In recent years, cancer has become a major global health concern, resulting in nearly 10 million deaths each year. This makes cancer the leading cause of death after cardiovascular disease [1]. By 2040, it is expected that 29.9 million new cancer cases will be diagnosed each year, with 15.3 million cancer-related deaths². The type of cancer contributing to these statistics varies by gender and region. The most common types of cancer include breast, lung, colon, and rectal cancer. Cancer is treatable in many cases, especially when they are detected early.

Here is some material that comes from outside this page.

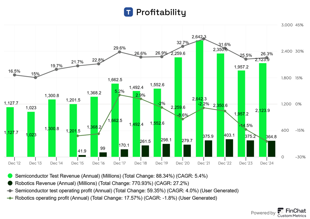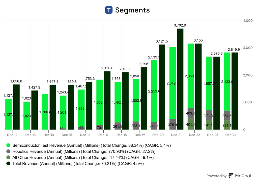 Source: FinChat.io (affiliate link with a 15% discount for StockOpine readers) / Note: In Q4 2024, Teradyne consolidated its segment reporting into two groups —> Semiconductor Test and Robotics & Other. Historical comparisons may vary.

Histopathological images like Whole Slide Images (WSIs) have emerged as powerful tools in cancer detection and early prognosis. Using advanced imaging and computational tools, WSIs can enhance diagnosis and treatment planning for cancer. Pathological images obtained from Whole Slide Images (WSI) provide detailed visual representations of tissue. Deep learning methods [2, 3, 4, 5] have shown great potential in extracting meaningful features for different tasks such as the classification, survival analysis and segmentation of cancerous cells. This way they are effective in diagnosing cancer and have aided in the early prognosis. However, working with WSIs has some challenges of its own. They have very high resolution-100,000 × 100,000 pixels and are often several gigabytes in size. Analyzing these files requires significant computational resources.

The advanced digital scanner has aided in scanning tissue samples and shifted the workflow bottleneck from image acquisition to image annotation. Techniques like self-supervised learning (SSL) [6, 7] and weakly-supervised learning [8, 9, 10] are useful for training a neural network on unannotated images, which can then be fine-tuned on annotated datasets for specific downstream tasks. These approaches enable the use of large amounts of unannotated datasets, which are often more readily available than annotated ones. The model can learn useful representation by training a neural network on these datasets, reducing the amount of annotated data required for fine-tuning.

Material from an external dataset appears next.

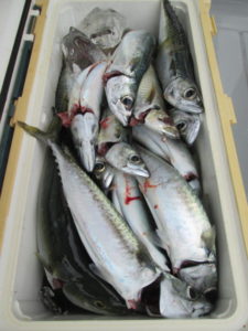 2019年10月7日 / 最終更新日時 : 2019年10月7日 ayamimaru 最新釣果 10月7日 五目(大物) 大きいサバが良く釣れている。大きいサバは43㎝。良形のアジやハガツオ、ハマチもまじる。早い人は11時前にクーラーに入り切れず納竿された。12時過ぎには全員満タンで帰港した。

Survival analysis is a branch of statistics that deals with the analysis of time-to-event data. It is particularly useful in medical research as it can help predict patient outcomes over time. Using covariates which can be extracted from WSIs, one can predict the relative risk scores of the data samples. Multimodal studies [11, 12, 13] have contributed significantly to medical research. Integrating various types of inputs like histopathological images and clinical data of patients has enhanced predictive modelling and clinical decision-making. However, collecting clinical data requires more manual tasks as compared to acquiring tissue samples and generating digital images for analysis. In this study, we compare the efficiency of several vision encoders for survival analysis by only using Whole slide images from the breast cancer repository (BRCA) of The Cancer Genome Atlas Program (TCGA). Since whole slide images (WSIs) are too large to fit directly in a neural network, many studies use Multiple Instance Learning (MIL) to generate feature embedding at the WSI level. This encoded data can then be fed directly to a network for various tasks.

Recently we have many studies done to get a representation of WSIs. Therefore, it is necessary to compare them to determine which works best for specific tasks. In particular, we compared three vision encoders for their application in survival analysis. In summary, our contributions are as follows.

Review the recent literature to understand the prior work.
Training a network, using the vision encoders for feature embeddings. The goal of the network is to predict relative risk scores among the data samples.
Comparing the performance of three pretrained encoders for survival analysis.

The following section introduces an overview of the state-of-the-art literature to study the application of histopathological images and deep learning. Section 3, introduces the relevant technologies, concepts as well as the experimental setup used in this research. The results of the experiments are discussed in Section 4 followed by a conclusion in Section 5.

2 Related Work

Klein, C. et al [14], in their study, reviewed the application of Artificial Intelligence algorithms in the field of tumour histopathology. The digitalization of histopathology slides at high magnification has raised the opportunity to extract important information due to image analysis. They highlight the usage of deep learning broadly for diagnosis, sub-typing, grading and prognosis of tumours as well as mentioning the potential challenges-economic, regulation and ethical issues.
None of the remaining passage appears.